Even if I do last the day and there are no reprisals for having the gall to suffer a heart attack and complications, my future at this company is dismal now. We have an attendance policy straight out of third-world sweat shop, missing three days for any reason in a six month period is grounds for dismissal. A few years ago when I cracked a rib/vertebrae and punctured a lung, my then manager called me while I was still doped up and wired in the ICU ward to tell me I was in big trouble for missing four days of work and having the gall not to call in the official sick line while I was half conscious in the ER.

Given that kind of unethical practice, I anticipate being institutionally shamed for this episode, forced to hear a statement informing me my conduct is not becoming an employee of my firm and then being forced to agree to it in writing.
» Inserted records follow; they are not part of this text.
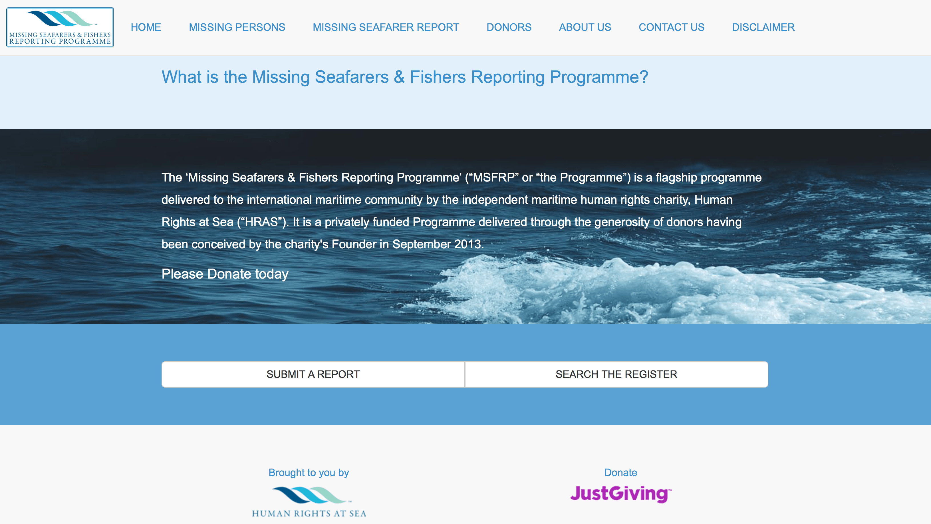 11 Nov 2018Missing Seafarers & Fishers Reporting Programme UpdatedUK. London. The flagship programme for the Human Rights at Sea charity, the Missing Seafarers and Fishers Reporting Programme, has been updated and the website refreshed to ensure easier and more efficient use. The charity has been running the Programme since 2015, during which time individual cases -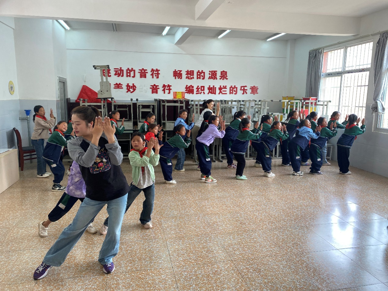 抵达当日,周特古斯便与洛俄依甘乡小学校长沙建峰和该校舞蹈教师进行了深入的交流,详细商讨了校园音乐舞蹈剧的建设方案,并就舞蹈的编排和定位达成了初步共识。随后,董乐老师和志愿者周媛便迅速投入到工作中,指导孩子们进行舞蹈的编排和技术动作的学习。此次编排巧妙地融入了彝族舞蹈元素,学生们热情高涨,积极参与学习和模仿,取得了显著的编排成效。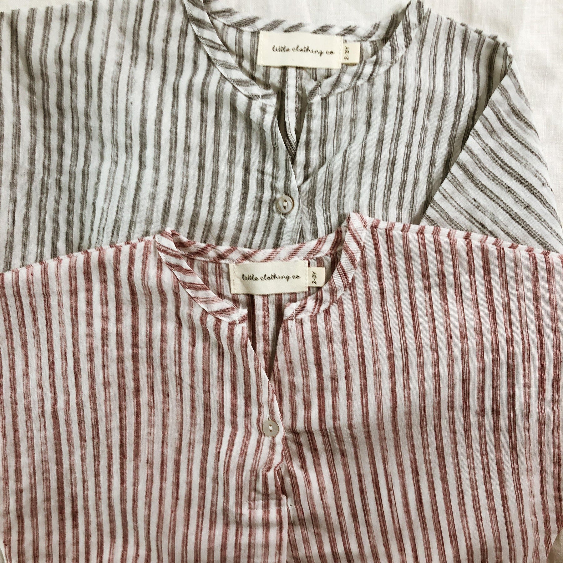 Lightweight, relaxed fit design perfect for warm days. Features a single button, slight V-neck and folded sleeve cuffs. This striped block print fabric is so soft and airy.

This will mean, despite being the numero uno top performer out of hundreds of my fellow workers in 2012, while unknowingly suffering progressive heart failure the whole time, I will be barred from consideration for any raises or promotions. This probationary period will be last a minimum of six months virtually guaranteeing my Christmas and profit sharing bonus will be reduced or eliminated. Funny how no one at Fox ever mentions that in the annual War on Christmas.

Then again maybe my fears are misplaced, maybe I’m over estimating the ruthless nature of corporate America. I’ll find out in a few hours.

Comments

  1. CaitieCat says

    Brutal. Isn’t it great that the GOP is constantly on watch to avoid socialized medicine? It’s like they’re listening to you personally, no?

    Best of luck today. Totally get you on the poverty thing, I used your post to remind myself to phone my landlord to explain that I do, in fact, now have the rent for this month, since the client who’d been holding out on underpaying me finally came through and…underpaid me. Sigh.

    Gosh, the second Gilded Age is going splendidly, no? As long as you’re bootstrappy lucky enough to be wealthy.

  2. Tinyal says

    Try to keep your spirits up, as near-impossible and stupid as that sounds. If the worst happens and you end up homeless, get in touch with me via message and I’ll see what (if anything) I can do – as a basically disabled person in his mid 50’s still trying to work full time I have some idea of what you’re going through.

  3. StevoR : Free West Papua, free Tibet, let the Chagossians return! says

    Shit that’s awful. Hope you recover and things get better for you soon.

  4. StevoR : Free West Papua, free Tibet, let the Chagossians return! says

    Please let us know if there is anything I (& the rest of us) can do to help.